Well, that was exactly what I was looking to find. Thank you so much! The only remaining question (as I haven't yet figured out the etiquette for attribution from this site), should I actually get the publication (a) may I use this argument, and (b) what is the appropriate way to say "my thanks to Fedor Petrov for providing the following proof" (he says hoping that sentence to be the answer)?

@GerhardPaseman : I'm afraid I don't follow. Take $n=20$ and $d=1$, for example. The binomial ratio $\binom{20}{k+4}/\binom{20}{k+3}$ is larger than the polynomial ratio $[(20-k-5)(k+1)(k+2)]/[(20-k-6)(k+2)(k+3)]$ for $k\leq 6$ but not for $k\geq 7$. In fact, for these parameters, the binomial ratio decreases from ~$4.25$ to ~$.24$, while the polynomial ratio increases from ~$.36$ to ~$1.75$.

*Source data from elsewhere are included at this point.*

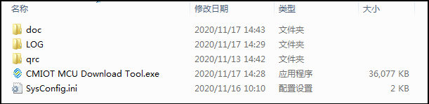 工具目录分为五个部分,其中CMIOT MCU Download Tool为应用程序,SysConfig.ini文件为密钥文件,doc文件夹保存说明文档,LOG文件夹保存log文档,qrc文件夹保存所需图标。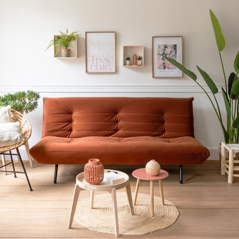 Le velours terracotta apporte de la chaleur dans la pièce. Sa texture douce donne envie de s'y installer. La structure en bois de pin soutient une assise généreuse, pensée pour le quotidien. En un geste, le canapé se transforme en couchage d'appoint. Pratique pour recevoir sans sacrifier l'esthétique. Les pieds en fer noir contrastent avec le tissu. Ce canapé trouve sa place dans un salon où l'on cherche à allier praticité et style. Il offre une assise confortable le jour et un lit discret la nuit.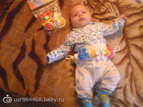 И еще кофточка, ползунки и носочки таких погремушек у нас не было, облюбовал себе в виде ромашки, она легче других даже попробовал ее на вкус.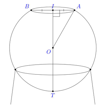 Một hồ cá có hình dạng là một phần của hình cầu tâm . Hồ cá được đặt trên một giá đỡ như hình vẽ. Người ta đo được đường kính của miệng hồ là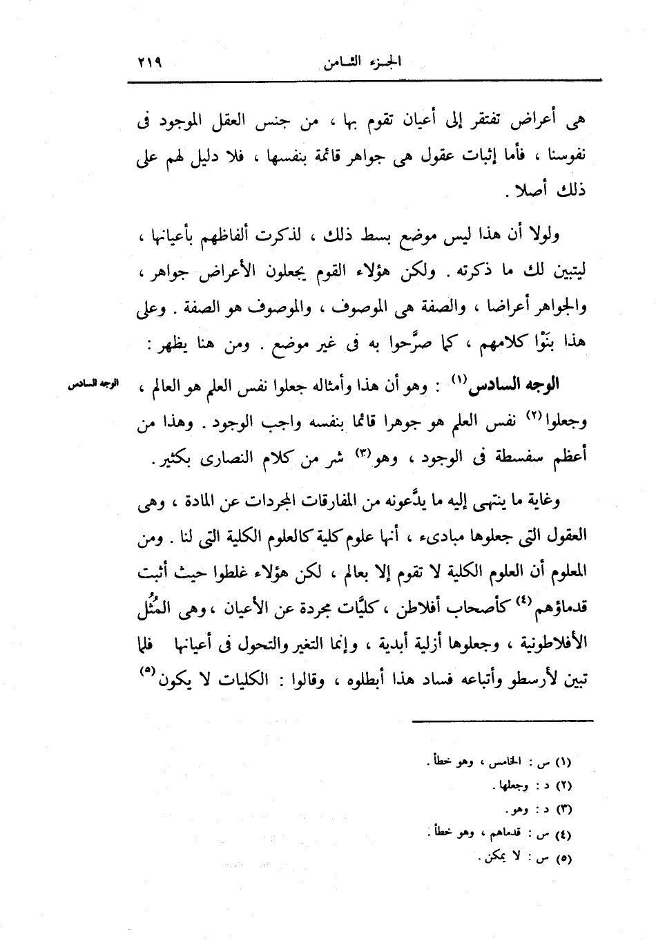 ولكن هؤلاء القوم يجعلون الأعراض جواهر، والجواهر أعراضاً، والصفة هي الموصوف، والموصوف هو الصفة.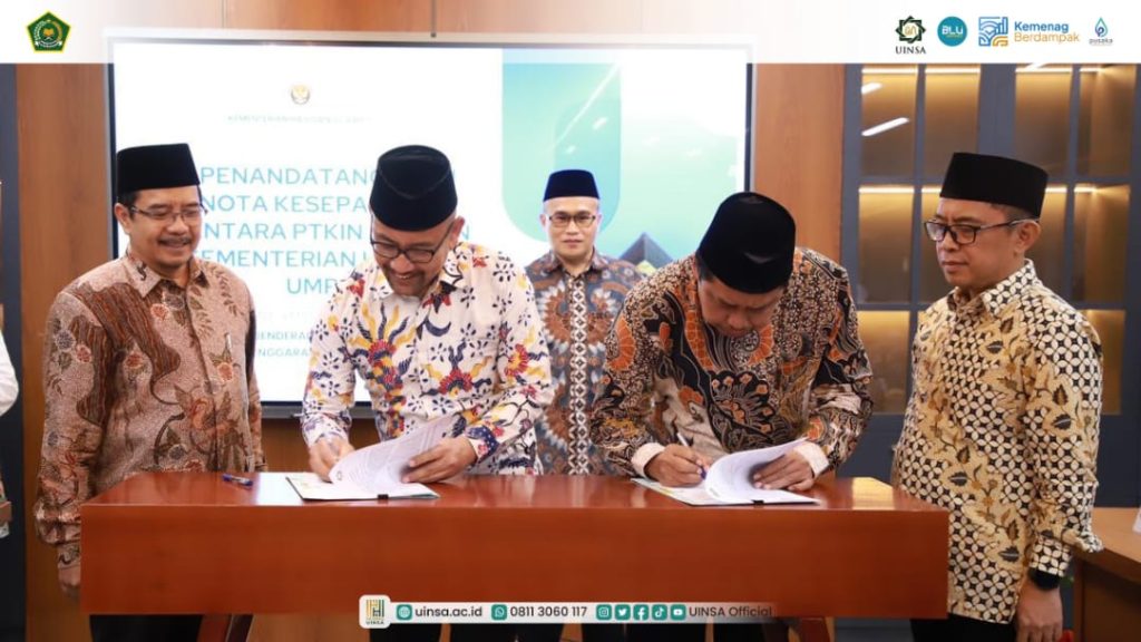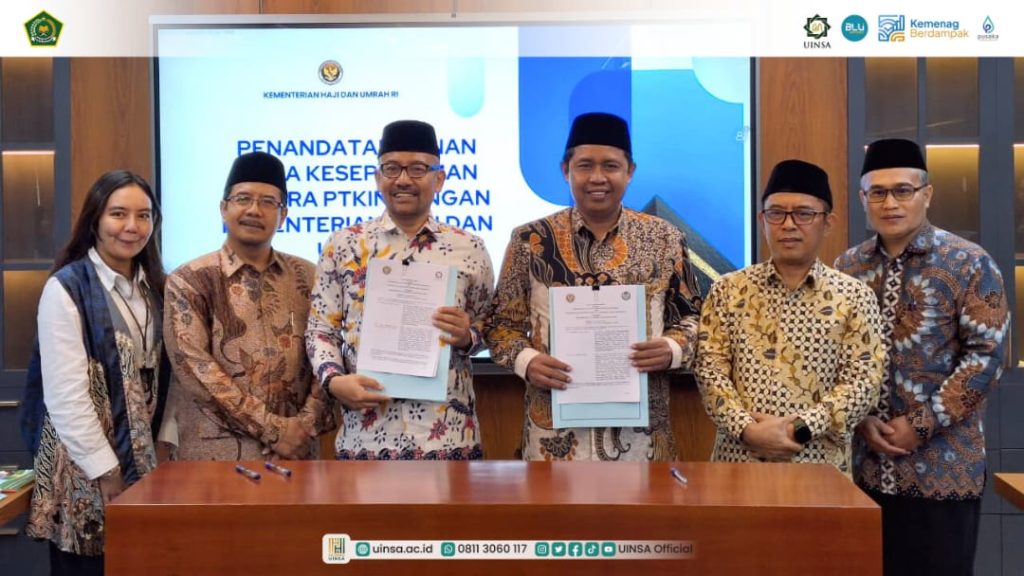 Penandatanganan MoU ini menjadi momentum penting bagi PTKIN dalam memperluas kontribusinya di bidang keagamaan dan pelayanan umat. Melalui kerja sama ini, PTKIN diharapkan dapat mencetak pembimbing haji dan umrah yang bersertifikat, profesional, dan berorientasi pada pelayanan jemaah yang unggul. (Nur/Humas)

@GerhardPaseman: In fact, that monotonicity motivated my second bullet (regarding prime sets). Beyond (the possibility of) a prime dividing one and not the other, I didn't come up with anything. (And, yes, this appears very monotonic, strictly increasing on some interval $[0,k_0]$ and strictly decreasing on $[k_0,n−6]$, being my guess).

@AlexM.: I do mean the first of those: for every $k<\ell$. I'm pretty certain I already have personal notes written up showing the conjecture true at $\ell=k+1$.